Looking at emmintrin.h, e.g. the Intel-defined _mm_loadu_si128 SSE2 intrinsic doesn’t map to a __builtin call but to a dereference of a pointer to a single-member struct annotated with __attribute__((__packed__, __may_alias__)).
The simd crate uses the same pattern for the same purpose with a single-member #[repr(packed)] Rust struct. In debug builds, this works if the result of the dereference is assigned to a local variable before extracting the single member. Using an expression without the intermediate variable fails, though. Furthermore, AFAICT, debug mode doesn’t actually emit a MOVDQU instruction but accomplishes the results of the computation by other means.
At present (did it work pre-MIR?), that pattern fails in release mode. The load is emitted as MOVDQA, which requires 16-byte alignment.
Given the past and the clang approach, the obvious way forward would be to make the #[repr(packed)] pattern work with MIR. However, making things work for packed structs generally seems over-complex considering the narrower goal of accomplishing unaligned SIMD loads/stores and too much of an obscure incantation from the language user perspective.
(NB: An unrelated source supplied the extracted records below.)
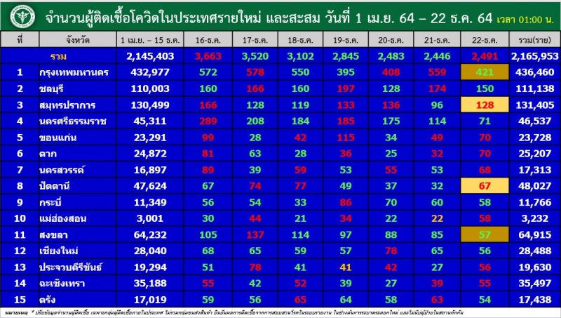 อนึ่งเมื่อเวลา 08.29 น. สำนักข่าวอิศรา รายงานสถานการณ์การแพร่ระบาดเชื้อไวรัสโควิด-19 ประเทศไทย ประจำวันที่ 22 ธันวาคม 2564 ว่า มีผู้ติดเชื้อรายใหม่ 2,532 ราย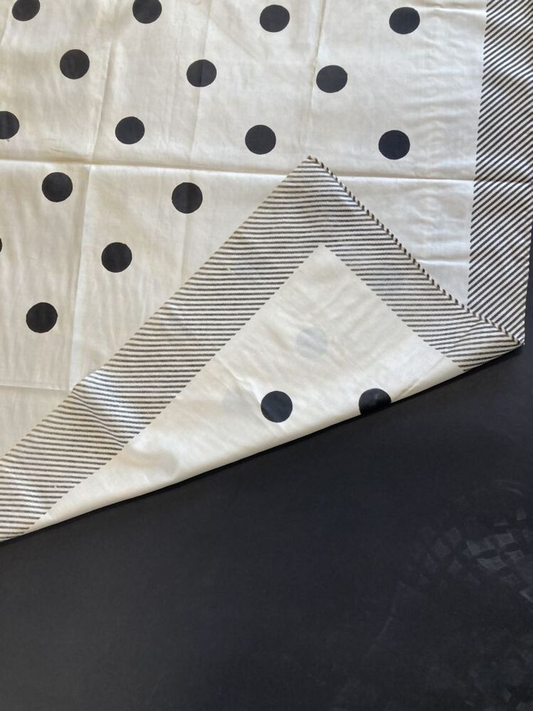 Sjaal van witte zijde bedrukt met zwarte noppen en diagonaal gestreepte rand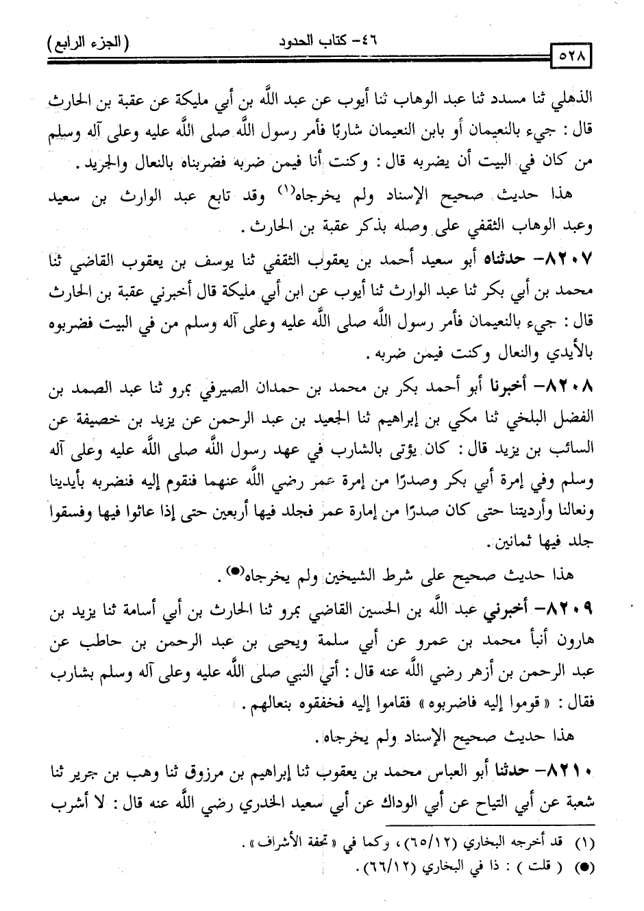 8208 - أَخْبَرَنَا أَبُو أَحْمَدَ بَكْرُ بْنُ مُحَمَّدِ بْنِ حَمْدَانَ الصَّيْرَفِيُّ بِمَرْوَ ، ثَنَا عَبْدُ الصَّمَدِ بْنُ الْفَضْلِ الْبَلْخِيُّ ، ثَنَا مَكِّيُّ بْنُ إِبْرَاهِيمَ ، ثَنَا الْجُعَيْدُ بْنُ عَبْدِ الرَّحْمَنِ ، عَنْ يَزِيدَ بْنِ خُصَيْفَةَ ، عَنِ السَّائِبِ بْنِ يَزِيدَ ، قَالَ: " كَانَ يُؤْتَى بِالشَّارِبِ فِي عَهْدِ رَسُولِ اللَّهِ صَلَّى اللَّهُ عَلَيْهِ وَسَلَّمَ وَفِي إِمْرَةِ أَبِي بَكْرٍ وَصَدْرًا مِنْ إِمْرَةِ عُمَرَ رَضِيَ اللَّهُ عَنْهُمَا فَنَقُومُ إِلَيْهِ فَنَضْرِبُهُ بِأَيْدِينَا وَنِعَالِنَا وَأَرْدِيَتِنَا ، حَتَّى كَانَ صَدْرًا مِنْ إِمَارَةِ عُمَرَ فَجَلَدَ فِيهَا أَرْبَعِينَ ، حَتَّى إِذَا عَاثُوا فِيهَا وَفَسَقُوا جَلْدَ فِيهَا ثَمَانِينَ "

From the language user perspective, it seems to me that having read_unaligned() on *const and *mut and write_unaligned() on *mut would be more obvious and would be consistent with read_volatile() and write_volatile().
Looking at the LLVM IR clang generates for _mm_loadu_si128 vs. _mm_loadu_si128, it seems that the difference between eventual MOVDQU vs. MOVDQA instruction generation is annotating the LLVM load and store instructions with align 1 instead of align 16. It seems to me that it should be possible to add rust-intrinsics unaligned_load and unaligned_store next to volatile_load and volatile_store and make the new intrinsics generate LLVM load and store with align 1. Then these could be exposed on *const and *mut in the same manner as the volatile variants.
Does this seem like an OK way forward?